Image shape used for the spatial grid and edge mask.

max_per_tileint

Maximum number of seeds kept per spatial cell.

gridint or (nx, ny) tuple

Number of cells in the spatial grid. A scalar means a square grid × grid layout.

edgefloat

Edge margin in pixels; sources within edge of any image boundary are excluded.

obj_col_x, obj_col_ystr

Column names for source positions in pixel coordinates.

obj_col_fluxstr

Column name used to rank candidates within each cell (brightest first). Sources with non-positive values are dropped.

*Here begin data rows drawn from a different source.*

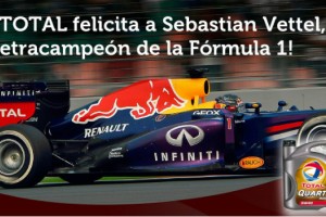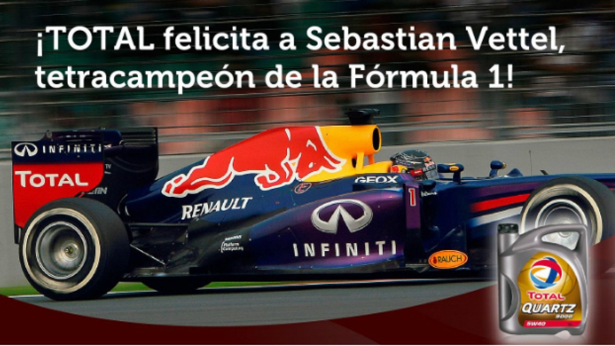 Total, empresa líder en el mercado de lubricantes, celebra junto al Infiniti Red Bull Racing Team el cuarto triunfo consecutivo de Sebastian Vettel en la Fórmula 1, convirtiéndose así en el piloto más joven de la historia en ser tetracampeón de la máxima categoría de automovilismo.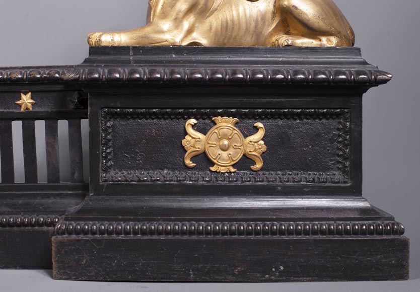 Barre de chenets en bronze doré et patiné, de style Empire, à décor de deux sphinx ailés couchés. Barre centrale à étoiles.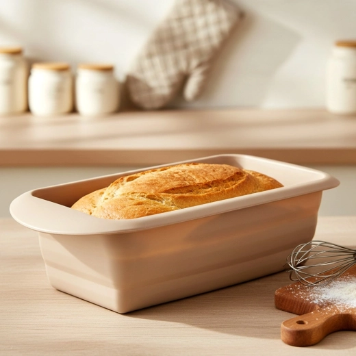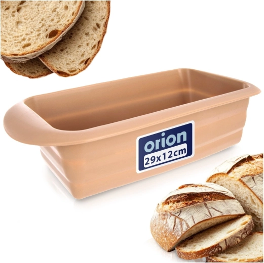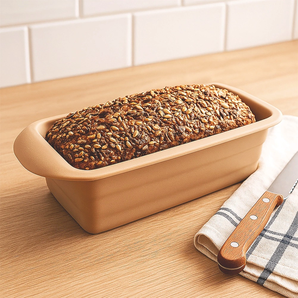 Forma practică din silicon pentru pâine și chec, cu dimensiunile 29 × 12 × 6,5 cm, asigură coacere uniformă, răsturnare ușoară fără lipire și durată lungă de viață. Rezistă la temperaturi de la -40 °C la +220 °C, este potrivită pentru cuptor, cuptor cu microunde, frigider și congelator și se poate spăla în mașina de spălat vase.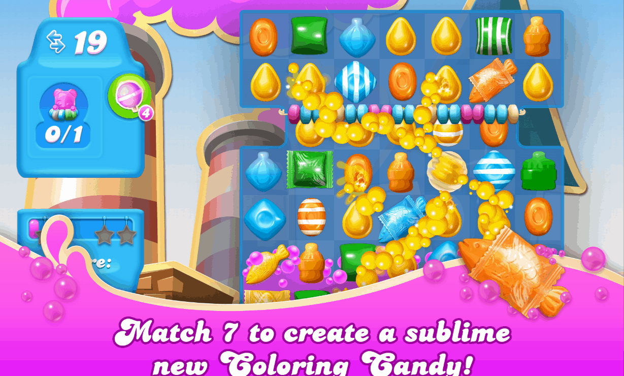 * Scrumptious new candies and sublime new combinations: Match 4 candies in a square to make a Swedish Fish Match 7 candies to create the remarkable Coloring Candy New 8th purple Candy that gives instant and powerful effects when matched
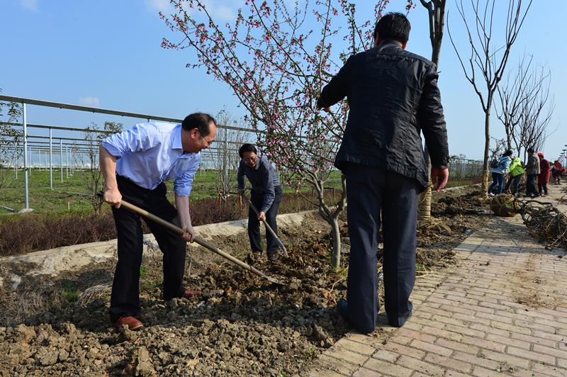 植树现场,大家3人一组,按技术要领挥锹挖坑、扶树培土,沿园区主干道两侧栽植了数十株垂丝海棠等树木,为春意盎然的草莓文化园增添了一抹靓丽风景。植树结束后,大家参观草莓园并进行了自费采摘体验。(朱邦勇)
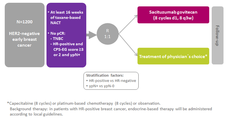 Phase III postneoadjuvant study evaluating Sacituzumab Govitecan, an Antibody Drug Conjugate in primary HER2-negative breast cancer patients with high relapse risk after standard neoadjuvant treatment - SASCIA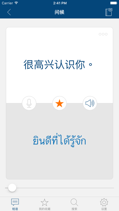 非常感谢大家的热情反馈,应大家要求,重新设计了一对一教程收听逻辑,把播放器单独拿出来,由用户手动选择是否显示。下一阶段,我们将增加口语练习评测功能,更好地帮助用户锻炼口语。 ------------------------------------------- 谢谢大家,反馈很是热情,这个版本增加了上次所说的3个功能,请大家帮我测试一下,如果有问题,请告诉我们,谢谢了。 ------------------------------------------- 感谢大家的反馈,反馈的意见主要有以下三个: 1、希望增加自由收听内容 2、用于练习的语音太少了 3、没有缓存清除功能 所以接下来我们将增加这三个功能,希望大家继续踊跃反馈。 ------------------------------------------- 简单而实用,包含了最常用的基础泰语口语与短语,随身携带的泰语老师,打造一口流利泰语。 最具代表性的短话和句子,包括了日常生活中的常用短语和句子, 包括商店,旅行,酒店,餐馆等不同大类.程序操作简便,界面直观,内容丰富,是学习口语的好帮手. 软件功能: 1,专业语音识别,校正你的口音. 2,多种场景,覆盖生活的每个方面. 3,简约的UI设计,清新自然.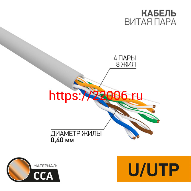 - Кабель витая пара PROconnect LIGHT UTP 4PR 26AWG, CCA, CAT5, PVC серый, бухта 305 м в Ирбите недорого

obj_col_flagsstr, optional

Column name for a SExtractor-style integer flag mask. Set to None to skip flag filtering. If the column is missing from obj, no flag filter is applied either.

accept_flagsint

Bitwise mask of acceptable flags. A source is kept only when flags & ~accept_flags == 0.

Returns:
astropy.table.Table

A subset of obj containing the selected seeds.